Türkiye'nin hadiseler karşısında dik duruşunun, yürekli, cesur, samimi ve ilkeli duruşunun, dünyanın her yerinde takdirle ve gıptayla karşılandığını bildiren Başbakan Erdoğan, "Başta dünyanın mazlum ve mağdur halkları olmak üzere, insanların kalbinde Türkiye, kendisine müstesna bir yer edinmiş, ilkelerinden taviz vermeyen tutumuyla milyarların takdir hislerine mazhar olmuştur. Bu zorlu süreçte Türkiye, düşman değil, yeni dostlar, samimi dostlar edinmiştir. Türkiye dik duruşuyla, darbelere darbe, katliamlara katliam diyen cesur duruşuyla, dünyaya hem demokrasi dersi hem de insanlık dersi vermiştir. Ve bakın şu anda Birleşmiş Milletler Güvenlik Konseyi, 2 ülkenin maalesef süreci tıkaması neticesinde karar alamıyor. Demek ki Birleşmiş Milletler Güvenlik Konseyi şu anda iş yapamaz durumda. Dolayısıyla 100 binin öldürüldüğü bir Suriye'de artık burada ortak hareket etmenin kararına vardık. Yani bugün bir 'Gönüllüler Koalisyonu' olabilir. Ama burada artık bir adım atmanın zamanı gelmiştir. Çünkü burada ölümlerin durma zamanı gelmiştir. İnsani değerlere sahip çıkan İnsan Hakları Evrensel Beyannamesi'ne sahip çıkanların el ele vermek suretiyle artık burada bir adım atmanın zamanı gelmiştir. 11 yıl boyunca olduğu gibi bundan sonra da ilkeli, kararlı, disiplinli duruşumuzu muhafaza edeceğiz. Hem ülke içinde hem bölgemizde, barıştıran, kucaklaştıran, helalleştiren bir ülke olarak geleceğe ilerleyeceğiz. Her zaman ifade ediyorum; Türkiye, demokrasi ve kardeşlik gibi 2 önemli temel ilke üzerinde yükselmeye devam edecektir. Demokrasimiz güçlendikçe Türkiye güçlenecek. Kardeşliğimiz güç kazandıkça Türkiye güç kazanacak." diye ifade etti.

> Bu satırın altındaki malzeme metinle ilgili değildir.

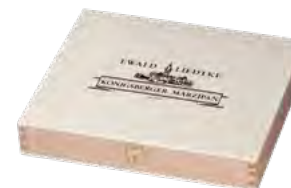
Klappdeckel, Buche | Pappelsperrholz, Siebdruck Hinged lid, beech | poplar plywood, screen printing
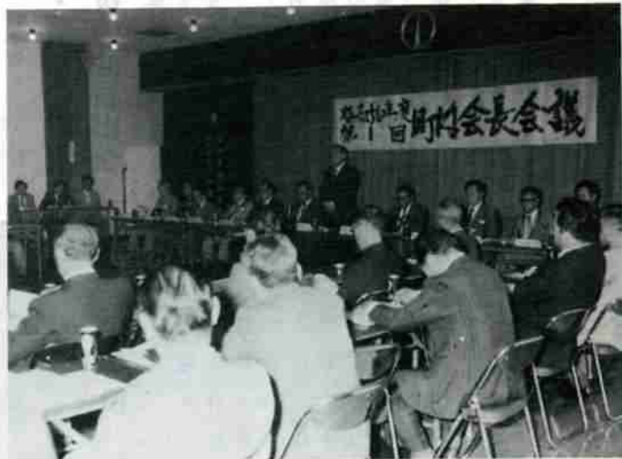
熱心な論議がされた町内会長会議

今年度第一回の町内会長会議が六月三十日午後二時から中央公民館二階ホールで開かれました。中派市長をはじめ部長以上が出席、住民代表の町内会長六十名が参加し、今年度の主な事業内容等について説明が行われ意見を交換しました。市長あいさつの後、関係助役から、昭和五十六年度の主な事業の主旨説明がありました。参加者からは「地熱開発の見通
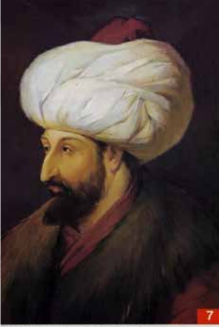
FATİH SULTAN MEHMED H. 855-886 M. 1451-1481 55x65 Tuval / Yağlı Boya
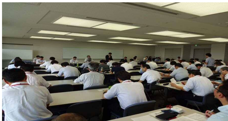
平成30年度第1回道路メンテナンス会議の実施状況（H30.8.21）
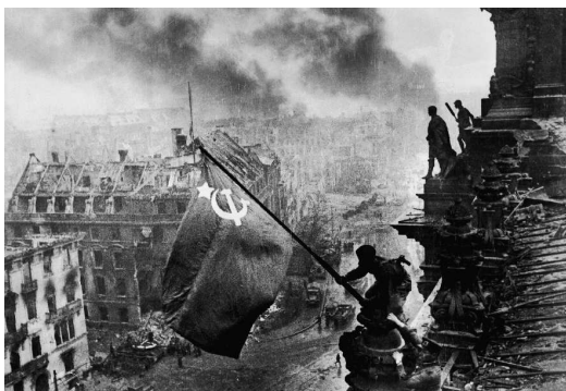
Evgueni Khaldei, Le Drapeau rouge sur le Reichstag , Berlin, 2 mai 1945

EVGUENI KHALDEI, Le Drapeau rouge sur le Reichstag , Berlin, 2 mai 1945
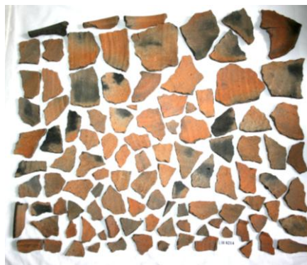
Fig. 1-2: Piesa înainte de restaurare (interior și exterior)
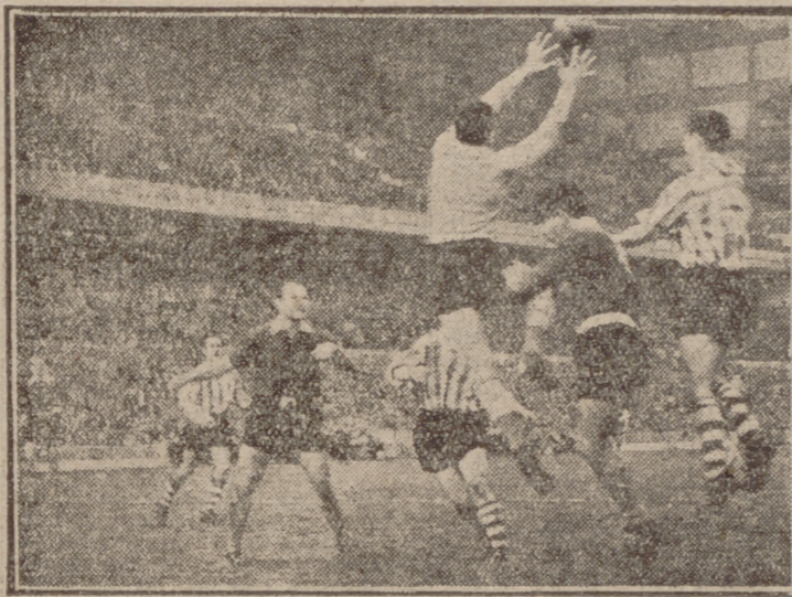
ELBAJO.—En San Mamés se jugó un partido entre el Independiente y el Atlético, que terminó con el resultado de 5-2 a favor de este último. Los atléticos atacan con nervio la meta argentina.
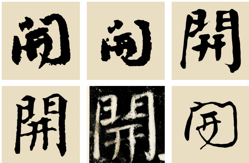
■颜真卿《元结碑》上的“开”字
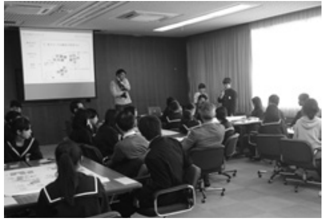
市民ミーティングの様子
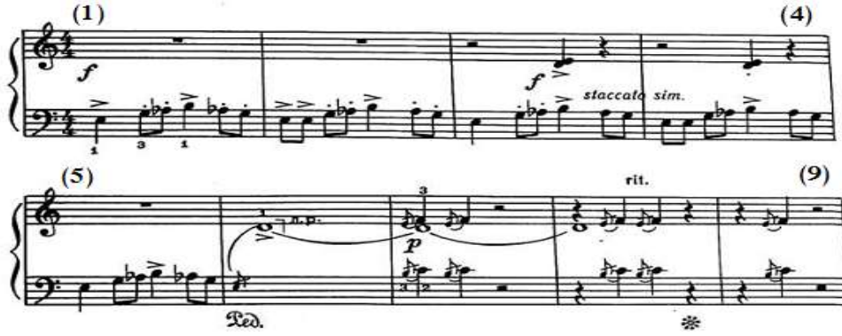
شكل رقم (٣)

الجملة الأولى: من م(١)- (٩) تنتهي على الدرجة الثانية في جنس حجاز (مي). بدأ اللحن في اليد اليسرى بصوت قوى f ، حيث ظهرت في م(١) التيمة الأساسية للمقطوعة في جنس الحجاز على درجة (مي) وجاءت عبارة عن نغمة مفردة خاضعة لعلامة الضغط القوي accent (>) يليها مسافة ثانية لحنية صاعدة متقطعة Staccato، يليها نغمة مفردة مع الضغط القوي ومسافة ثانية لحنية هابطة متقطعة مع ظهور سكتات باليد اليمنى، ويتكرر ذلك في م(٢) مع تكرار النغمة المفردة، وجاءت م(٣)، (٤) إعادة إلى م(١)، (٢) باليد اليسرى مع أداء متقطع متشابه Staccato Simile وبصوت قوي، ودخول مصاحبة باليد اليمنى في م(٣)، (٤) من مسافة هارمونية متقطعة يسبقها ويليهما سكتات، وفي م(٥) استمرت التيمة الأساسية باليد اليسرى وسكتات باليد اليمنى، وفي م(٦) جاء اللحن في اليدين عبارة عن حلقة أتشيكاتورا باليد اليسرى تسبق نغمة مفردة ممتدة باليد اليمنى خاضعة لرباط زمني والضغط القوي على مسافة سابعة لحنية صاعدة، وفي م(٧) ظهر نموذج موحد على مسافة رابعة لحنية بين اليدين يحتوى على نغمة مفردة وتكرارها تسبقها الأتشيكتورا على مسافة ثانية لحنية صاعدة تصاحب النغمة المفردة الممتدة في صوت خارجي باليد اليمنى، ويتكرر ذلك في م(٨)، (٩) ولكن بظهور سكتات قبل وبعد النغمة التي تسبقها الأتشيكتورا مع التباطؤ التدريجي ritard، والشكل التالي رقم (٣) يوضح ذلك.

Erdoğan ardından Ağustos ayı içinde açılışı yapılan yatırımlar ve hizmetlerden örnekler verdi. Başbakan Erdoğan, 17 Ağustos depremine de değinerek, "Yitirdiğimiz canlara bir kez daha Rabbim'den rahmet niyaz ediyorum. Ailelerine ve milletimize sabır temenni ediyorum." temennilerini ifade eden Erdoğan, son olarak yurt dışı temaslarını anlattı. Ağustos ayının 15'inde, kardeş ülke Türkmenistan'a bir çalışma ziyareti gerçekleştirdiklerini belirten Erdoğan, Mısır ve Suriye'deki gelişmeleri değerlendirme amacıyla yürüttükleri telefon diplomasisine, Ağustos ayında da yoğun biçimde devam ettikleri dile getirdi. Erdoğan; Fransa, Almanya, Yunanistan, Rusya, İngiltere, Malezya, Katar, İtalya, Pakistan, Hollanda, Danimarka, Endonezya lideriyle ayrıca Birleşmiş Milletler Genel sekreteri ile telefon görüşmeleri yaparak, gerek Mısır'da, gerek Suriye'de durumun ciddiyetini ve derhal bir şeylerin yapılması gerektiğini muhataplarına ilettiğini aktardı.
Erdoğan, son olarak, "Bölgemizde ne kadar büyük acılar yaşanırsa yaşansın, Türkiye olarak, kendi gündemimizle, kendi hedeflerimize doğru ilerliyor, büyük devlet refleksiyle hareket ediyoruz. İnşallah, Türkiye'nin de katkılarıyla bölgede sorunlar çözüme kavuştuğunda, Türkiye'nin ilerlemesi, kalkınması daha da ivme kazanacak, Türkiye, çok daha hızlı ve istikrarlı şekilde hedefleriyle buluşacaktır." şeklinde konuştu.